The present study may have important implications for policymakers. As part of extensive healthcare reform in the UK, the QIPP programme aims to improve the quality and delivery of NHS care while making efficiency savings. For example, one aim is to “reduce expensive hospital admissions by: getting patients more involved in managing their own conditions; where possible treating more patients closer to home” [53]. The current results show that PD is associated with quality improvements and cost savings compared to conventional ICHD. The increased use of PD could make a significant contribution to the target of achieving £20 billion efficiency savings by 2015 while improving the quality of a patient-focussed health service.
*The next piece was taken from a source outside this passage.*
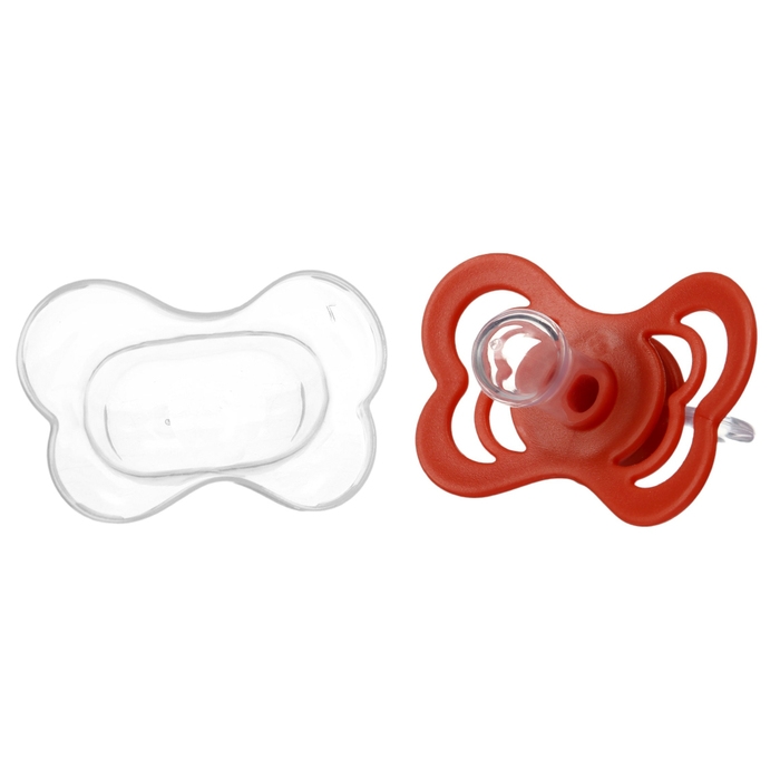 Соска пустышки сделала из безопасного силикона и имеет специальные вентиляционные отверстия, которые улучшают циркуляцию воздуха, не раздражают кожу малыша и не оставляют следов и опрелостей. Создана для удовлетворения естественного сосательного рефлекса малышей.

In summary, this study suggests that using PD in line with NICE recommendations may be a cost-effective method of treating incident ESRD patients requiring dialysis. It is acknowledged also that there are some limitations associated with this analysis due to many of the model inputs being based on data not specifically relating to the UK. Additionally, the results of the PSA show that there is uncertainty regarding the clinical benefits of PD over other dialysis modalities. Further research is therefore warranted into the clinical comparative effectiveness of PD versus HD. However, this study suggests that, from a UK payer perspective, increasing the proportion of patients on PD could lead to cost reductions while also improving clinical outcomes and QoL, thus alleviating the burden to the patient. The results suggest that policies encouraging the use of PD as the first dialysis option would help support implementation of the NHS QIPP agenda and that quality of care could be improved with reduced resource use.

Below is the link to the electronic supplementary material.
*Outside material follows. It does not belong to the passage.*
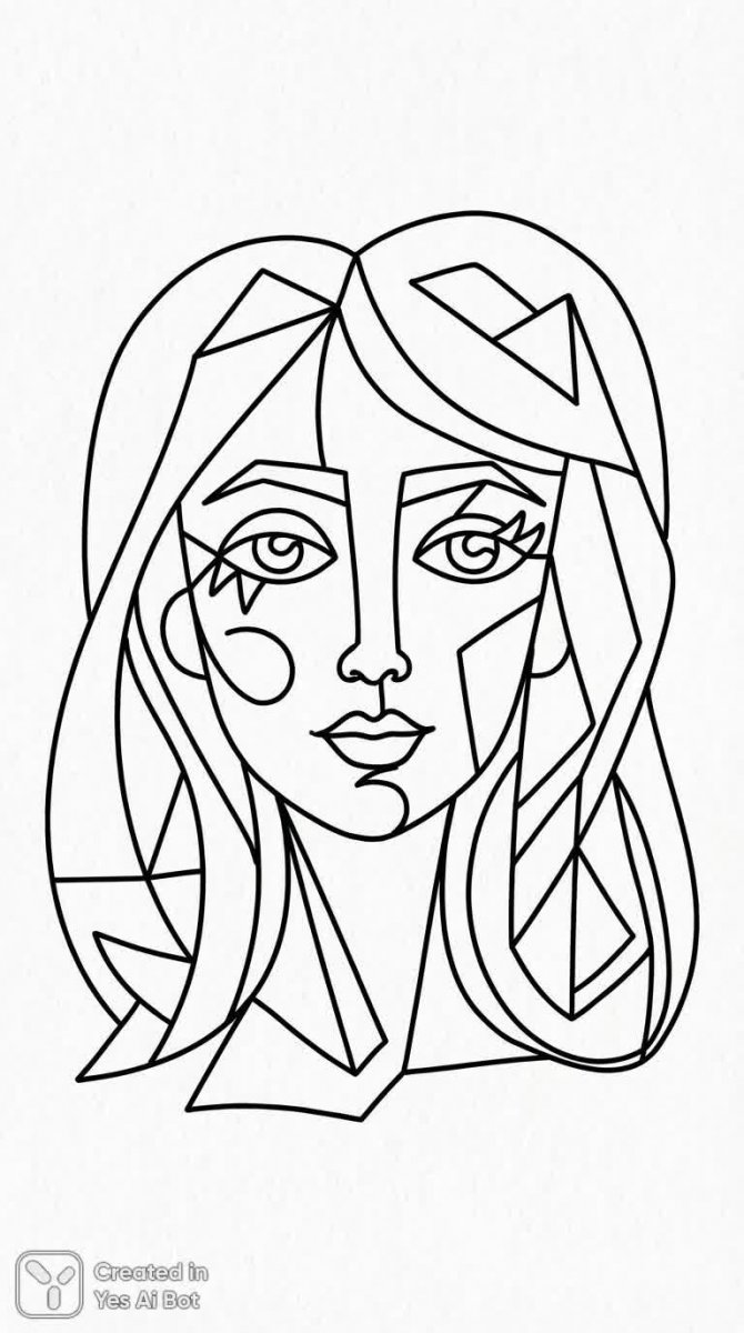 Изящный женский портрет, выполненный в стиле кубизма, представляет собой черно-белое схематичное изображение, напоминающее раскраску для детей. Использование разнообразных форм и углов создает динамичную композицию, где каждая линия играет свою роль в формировании образа. Минималистичный подход к изображению лишен теней, фокусируясь на чистых контурах и геометрических фигурах. В портрете прослеживается легкая игривость и причудливость деталей, что добавляет ему очарования и неповторимости. Это не просто изображение лица, а скорее абстрактная интерпретация женской красоты, где формы переплетаются, создавая ощущение движения и живости. Отсутствие детализации позволяет зрителю самому дорисовать образ, наполняя его своими эмоциями и фантазиями. Картина излучает спокойствие и умиротворение, приглашая к созерцанию и размышлениям о природе женственности и искусства кубизма. Эта работа – пример гармоничного сочетания простоты и выразительности, где каждый элемент тщательно продуман для создания целостного и запоминающегося образа. Оно выделяется своей лаконичностью и элегантностью, предлагая зрителю уникальный взгляд на классический жанр портрета

Supplementary material 1 (DOCX 26 kb)

Increasing peritoneal dialysis (PD) usage among incident patients with end-stage renal disease (ESRD) requiring dialysis has the potential to result in significant cost savings.

The possible clinical benefits and improvements in patient quality of life associated with PD could also reduce the burden of disease to the patient.

Implementing the use of PD as a first choice dialysis modality among appropriate patients could be a positive step towards supporting the National Health Service (NHS) QIPP (Quality, Innovation, Productivity and Prevention) programme in its aims to reduce costs while improving the quality and delivery of patient care.